As the interest in machine learning and data mining springs up, the problem of how to assess learning algorithms and compare classifiers become more pressing. This has been associated with the lack of comprehensive and complete workflow depending on the project scale to provide guidance to its users. This means the success or failure of the project can be highly dependent on the person or team carrying it.

The standard practice adopted by many researchers and experimenters has been to follow steps or phases from existing workflows such as CRISP-DM, KDD and SASSEMMA. However, as machine learning and data mining fields involve complex comparative experiments, there is a need of having complete workflow which when applied provides efficient and effective results. Though existing workflows offers many benefits, a successful comparative experiment requires more than outlined steps of workflows. Conclusions based on results drawn from a more complete workflow will yield more reliable results and experimenter can stand with confidence while comparing classifiers.

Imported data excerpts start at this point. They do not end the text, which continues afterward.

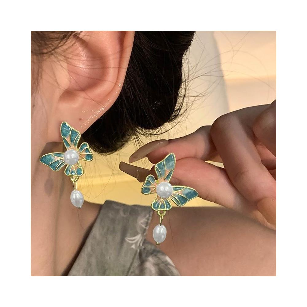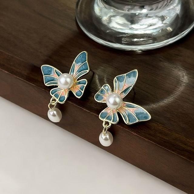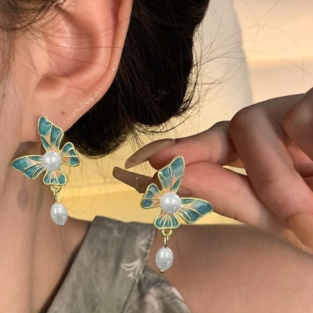 琺琅蝴蝶耳環女耳環百搭時尚耳飾
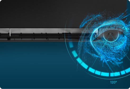 Благодаря двум встроенным модулям датчик присутствия контролирует одновременно две зоны под углом до 120° и на расстоянии до 6 метров. Датчик автоматически анализирует положение людей в помещении, а затем направляет поток воздуха, следуя за человеком или избегая его, в зависимости от настроек.
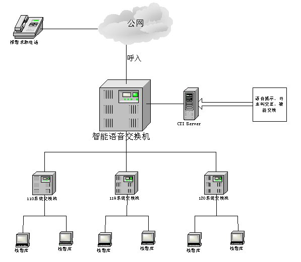 我們不斷總結(jié)經(jīng)驗(yàn),開拓進(jìn)取,逐步建立和完善了以CTI技術(shù)為核心,集110報(bào)警、基層信息化應(yīng)用和多媒體語音信息查詢?yōu)橐惑w的公安綜合信息呼叫中心系統(tǒng)。該系統(tǒng)是公安綜合信息網(wǎng)絡(luò)應(yīng)用手段的延伸,所采用的技術(shù)和實(shí)現(xiàn)的功能完全符合公安部金盾工程的要求,在國內(nèi)處于絕對領(lǐng)先地位。
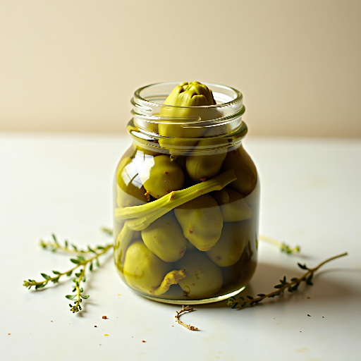 A close-up of plump green capers preserved in a glass jar, surrounded by fragrant thyme. This image captures the simple beauty of nature’s bounty, ready to add a burst of flavour.
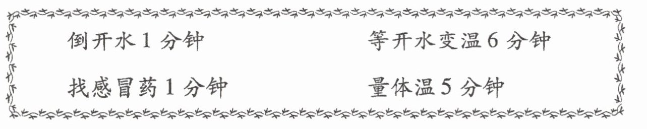 明明的爸爸感冒了,吃完药要赶快休息。明明的爸爸如果合理安排时间,最少需要(
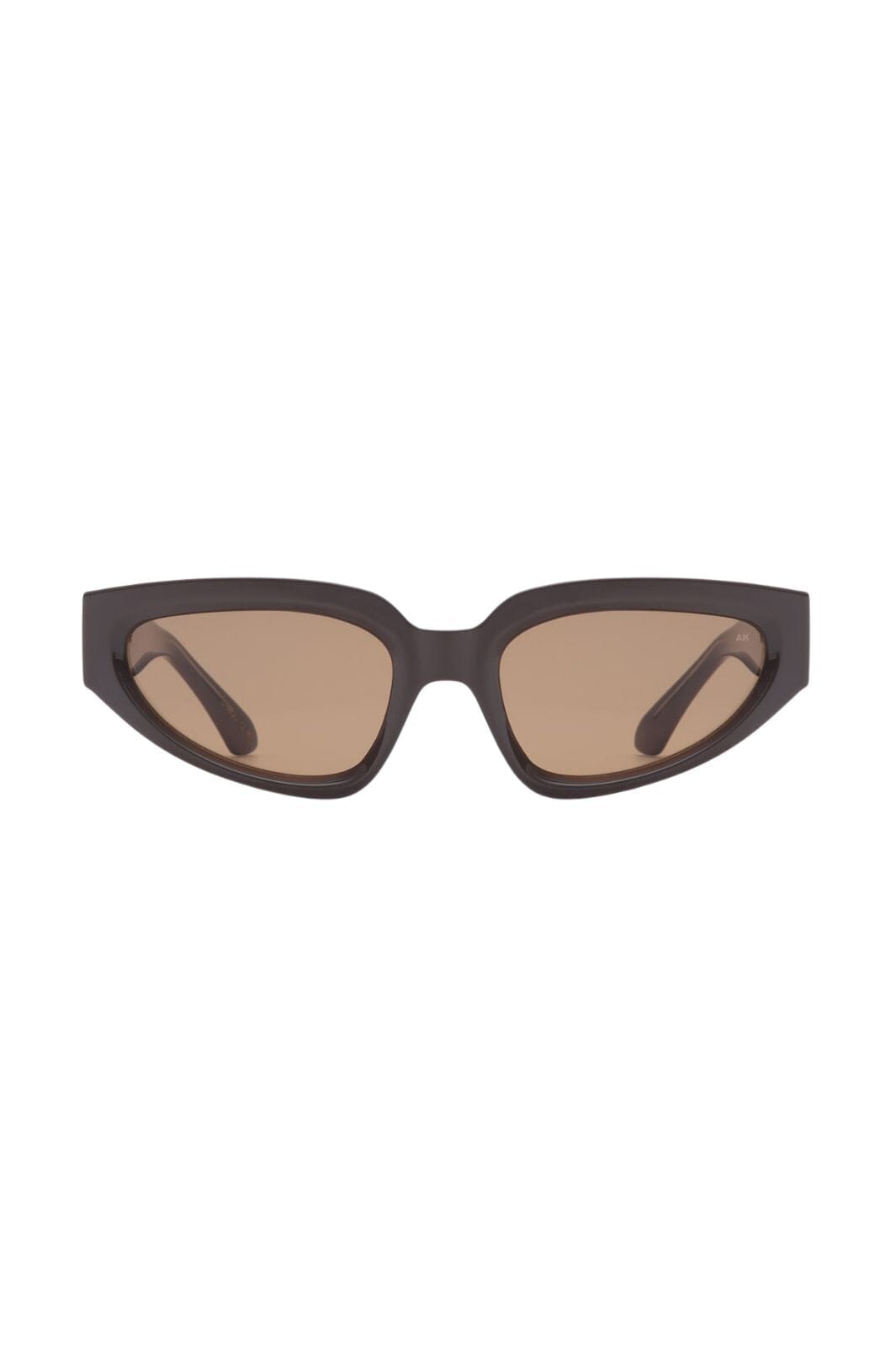 Sonnenbrillen von A. Kjærbede in einer dunklen Schokoladenfarbe. Das Gestell hat eine Cat-Eye-Form mit schmalen, ovalen Gläsern und einem nach oben geschwungenen Rahmen, der einen Retro-Touch verleiht.
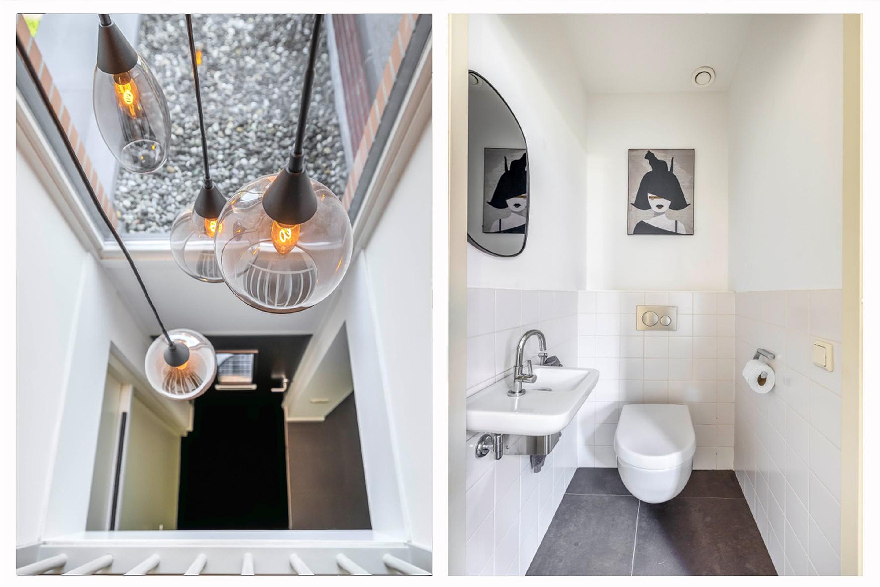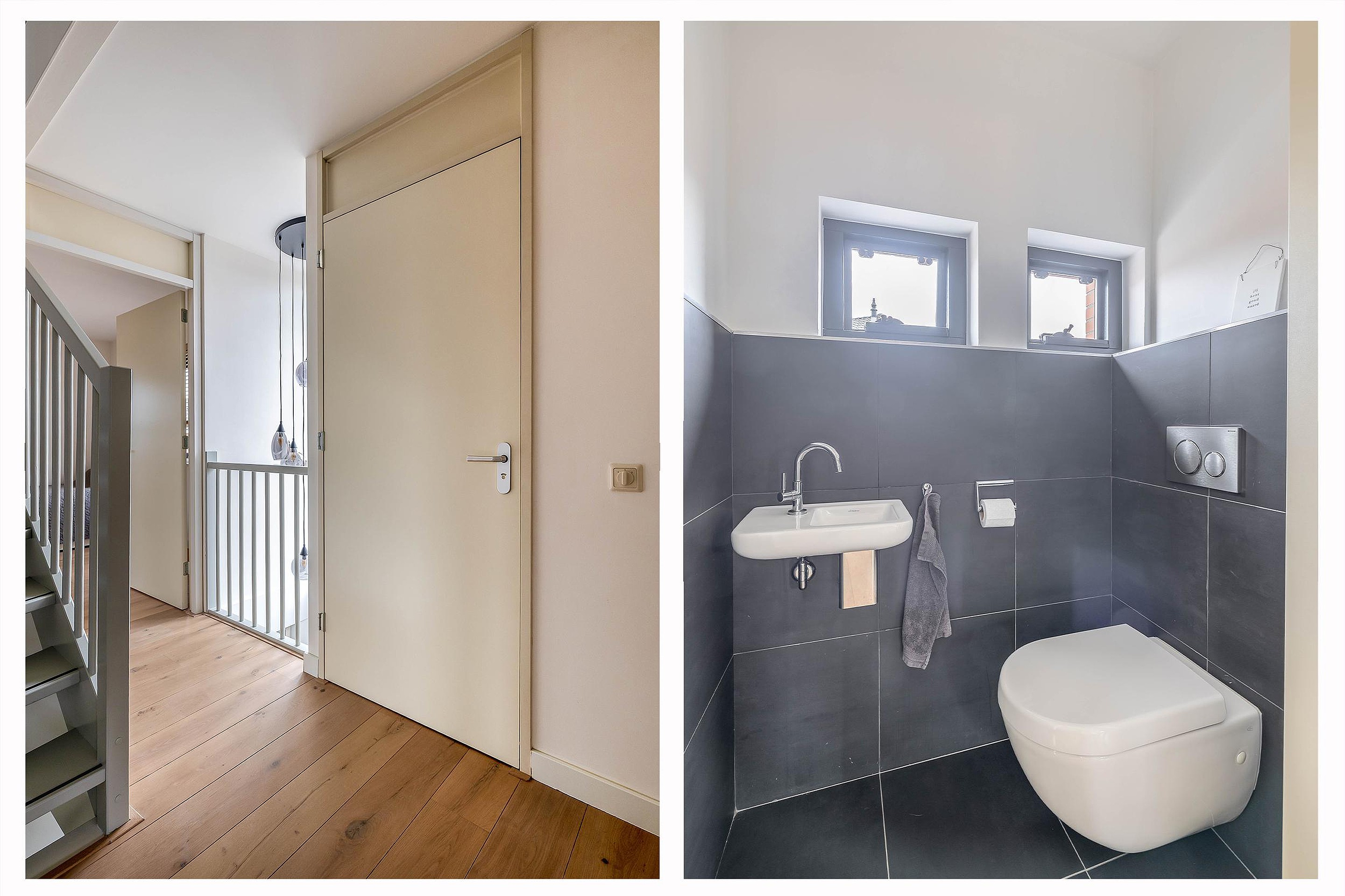 Eerste verdieping Ruime ruime overloop met een kleine vide met groot raam voor daglicht op de overloop. Op deze verdieping bevindt zich een aparte toiletruimte met een hangend toilet en een fonteintje.
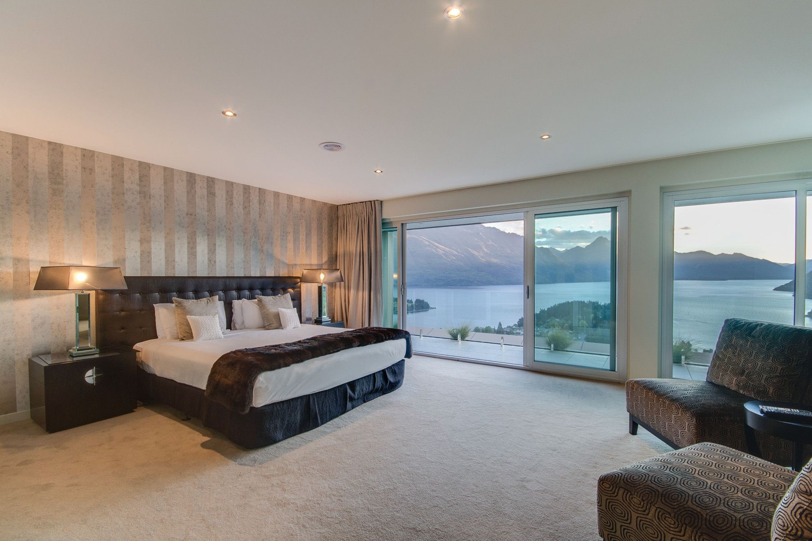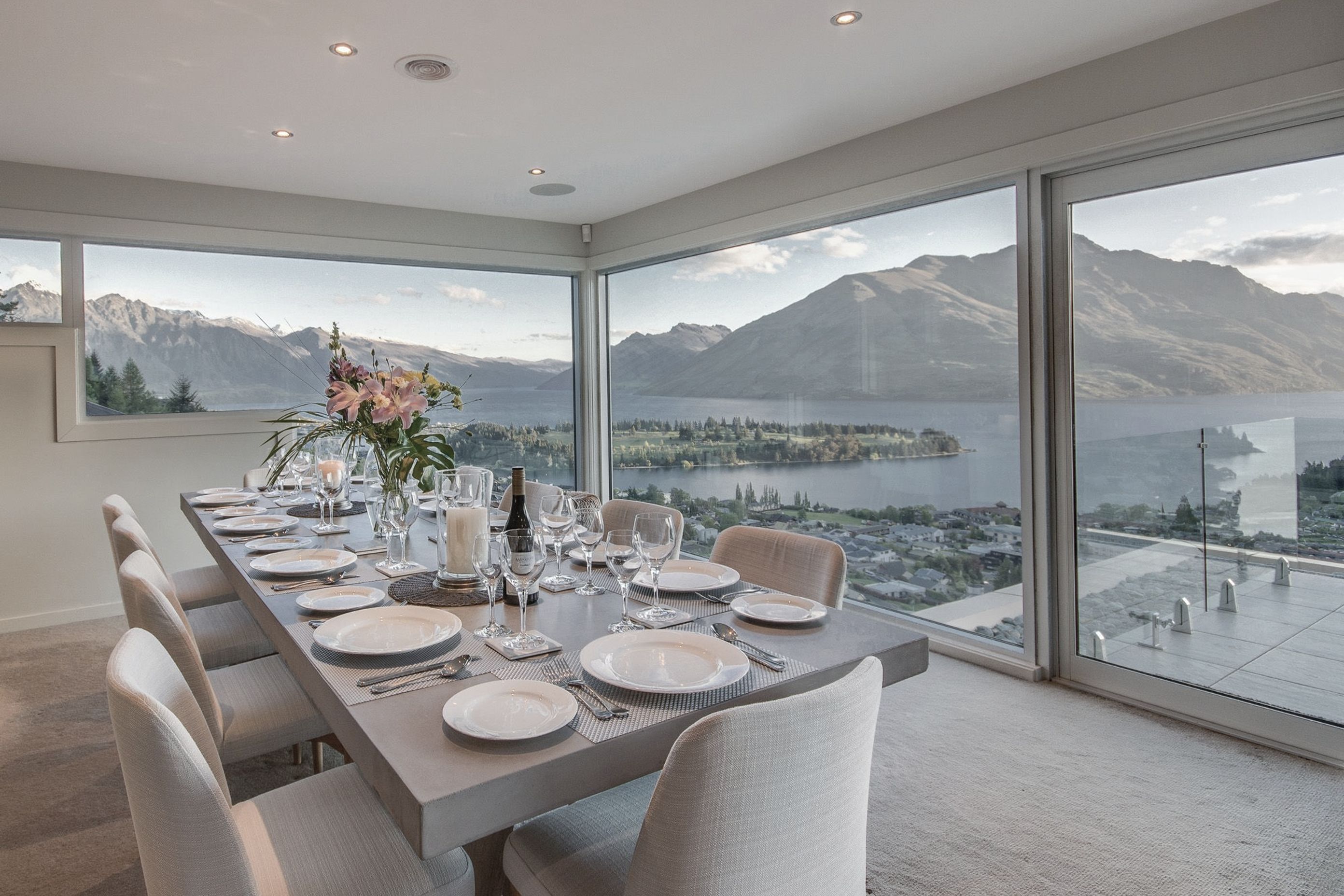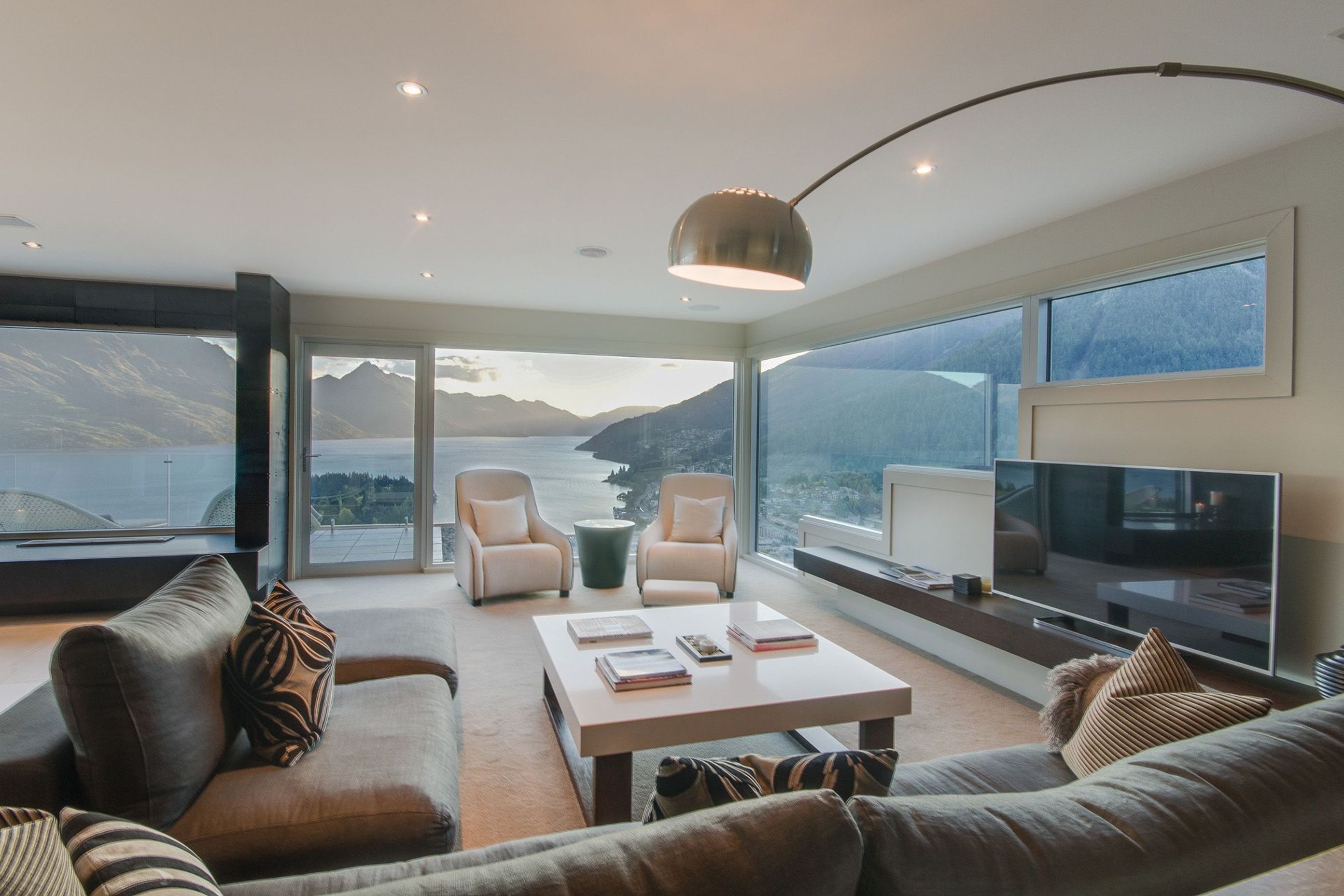 ArchiPro Project Summary - Luxury residence on Queenstown Hill offering stunning views of Lake Wakatipu, expertly managed by Spectrum Solutions for seamless maintenance and interior design, ensuring homeowners peace of mind from afar.

This dissertation focuses on a range of issues from machine learning to statistics for the development of the classifier workflow. It represents in detail background materials which are the key to understanding how different experiments have to be carried out. It explains how different classification techniques work and their applications in different areas. It also explains how classification evaluations can be used in different domains. It also determines when an experimenter should use performance measures and how these measures correspond to performance estimators. Moreover, it explains how different settings can be obtained before committing to the experimentation step. Finally, a complete eight-phase classifier workflow which is platform independent will be provided. The workflow was then evaluated by expert users using close ended questionnaire.